Reconnaissons-le: Pour devenir travailleur social, ça prend un haut niveau d’intelligence. Et c’est justement ça, le problème: Leur intellect fait qu’il est impossible pour eux de ne pas se rendre compte que leur façon d’agir fait plus de tort que de bien, autant à leurs patients qu’à leur propre réputation. Alors pourquoi agissent-ils ainsi? Pourquoi est-ce que ces gens qui sont supposés nous aider vont préférer faire le contraire en choisissant délibérément la voie de l’incompétence?

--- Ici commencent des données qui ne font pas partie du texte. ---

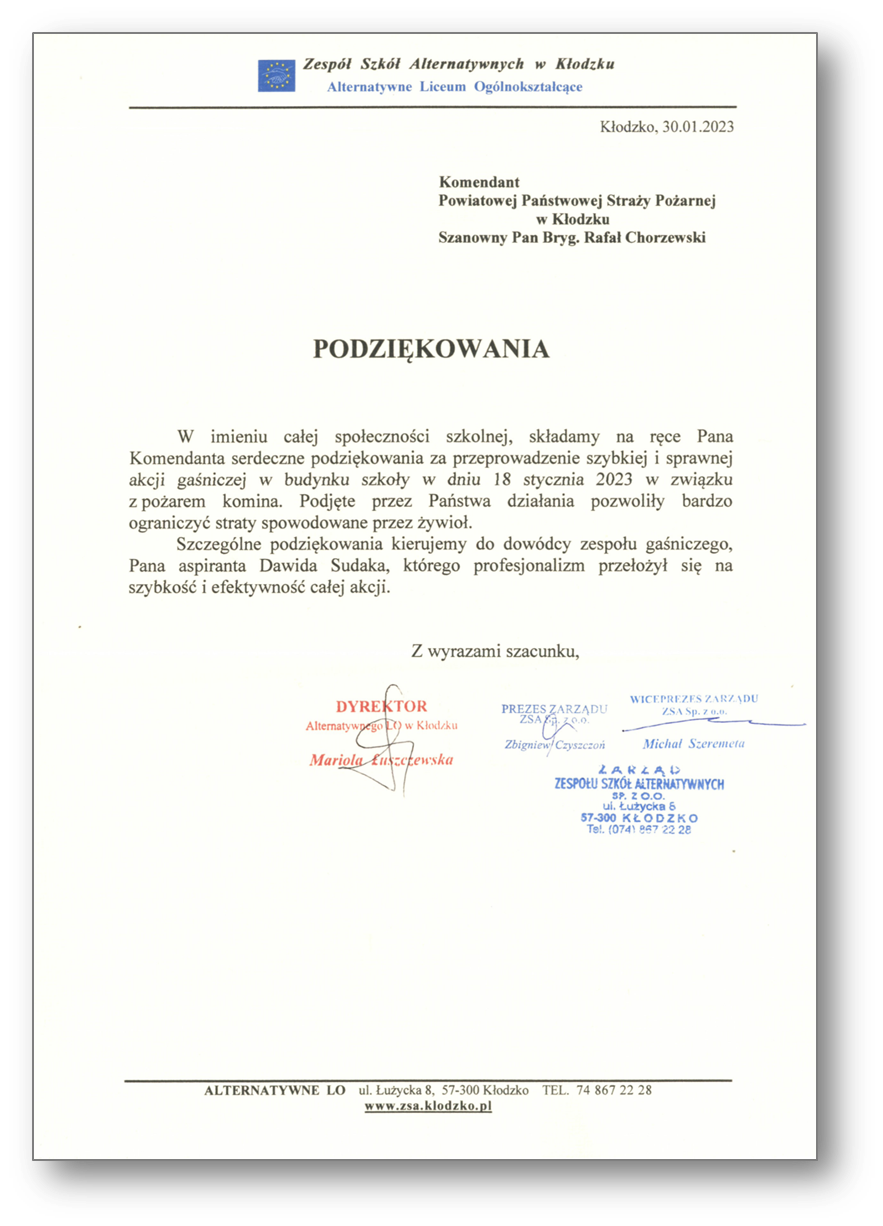 W następnej kolejności na ręce asp. Dawida Sudaka – Dowódcy Zmiany I Jednostki Ratowniczo-Gaśniczej PSP w Kłodzku wręczono podziękowanie jakie wpłynęło do siedziby Komendy Powiatowej PSP w Kłodzku od Zarządu Zespołu Szkół Alternatywnych w Kłodzku Sp. z o.o. W dniu 18 stycznia br. funkcjonariusze Zamiany I pod dowództwem asp. Dawida Sudaka uczestniczyli w zdarzeniu związanym z pożarem sadzy w przewodzie kominowym w budynku Zespołu Szkół Alternatywnych w Kłodzku przy ul. Łużyckiej 6. Profesjonalnie dowodzona i przeprowadzona akcja ratowniczo-gaśnicza przyczyniła się niewątpliwe do szybkiego opanowania pożaru oraz maksymalnego ograniczenia strat materialnych.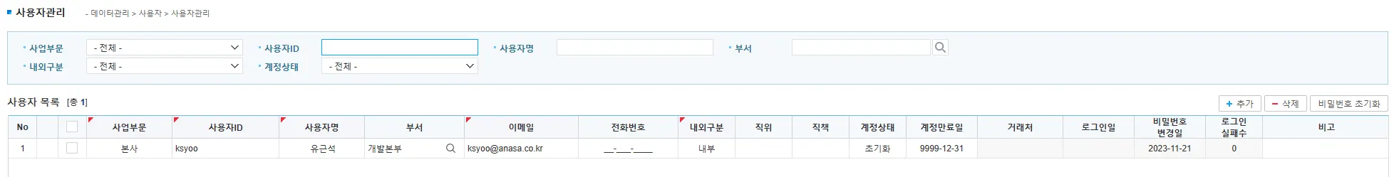 사용자의 등록 및 수정, 비밀번호 초기화 등을 할 수 있습니다.

Après avoir beaucoup réfléchi à la question, j’en suis arrivé à la conclusion qu’il y a neuf raisons possibles pouvant expliquer l’incompétence des travailleurs sociaux.

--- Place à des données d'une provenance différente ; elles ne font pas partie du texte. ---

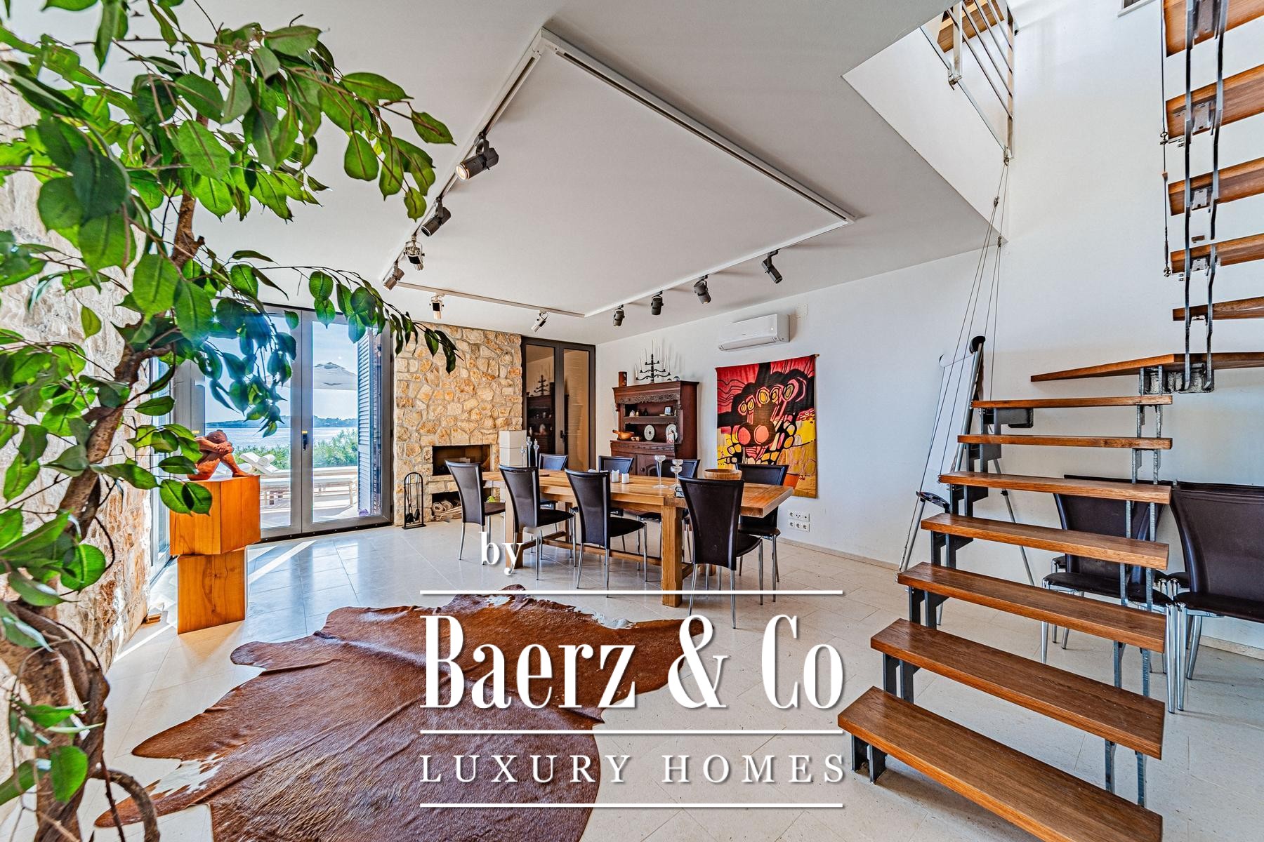 The landscape in front of the villa features pale stone paving, a swimming pool and dedicated areas for sunbathing, all designed to encourage easeful living by the sea. A pedestrian path brings you just 15 metres to the water, where a small pier allows for boat mooring and private retreat. Throughout, the materials and interior finishes display thoughtful attention to detail, imparting a sense of understated exclusivity.

RAISON 1: Ils n’ont pas la réponse à ton problème. Tout le monde s’attend à ce que les travailleurs sociaux aient réponse à tout. Quand ce n’est pas le cas, ça les met dans l’embarras. Si toi, le patient, tu te rends compte de son impuissance à t’aider, tu pourrais croire que c’est un incompétent. Et se faire juger comme tel par un inférieur intellectuel, c’est inacceptable pour leur orgueil. Alors ils essaient de te faire accroire que ton problème est autre chose que ce qu’il est vraiment. Car cet autre problème qu’ils affirment à tort que tu as, c’en est un qu’ils sont capables de régler. Voilà pourquoi c’est celui-là qu’ils ont choisi d’essayer de te faire accroire que tu as.

RAISON 2: Il s’agit de gens dont la personnalité fait qu’ils ont besoin de rabaisser les autres pour se sentir mieux avec eux-mêmes, et ne supportent pas qu’on les en empêche. Ils ont donc besoin d’avoir une bonne raison pour justifier leurs bitcheries. Voilà pourquoi ils choisissent un métier qui va les mettre au dessus de tout soupçons de méchanceté: Un dont le but est d’aider les gens. Comme ça, en tant que travailleurs sociaux, peu importe les vacheries qu’ils nous lancent, on n’a pas à protester. Parce que s’ils font ça, au bout du compte, c’est pour notre bien.

RAISON 3: Certaines personnes choisissent un métier qui compense pour les carences de leurs vies. La preuve: Combien y a t-il d’esthéticiennes vraiment belles? De conseillers matrimoniaux mariés? De spécialistes en enfance qui ont eux-mêmes des enfants? Et regardez de quoi ont l’air la majorité des gynécologues et des photographes érotiques. Si ce n’était de leur métier, combien de femmes se déshabilleraient devant eux?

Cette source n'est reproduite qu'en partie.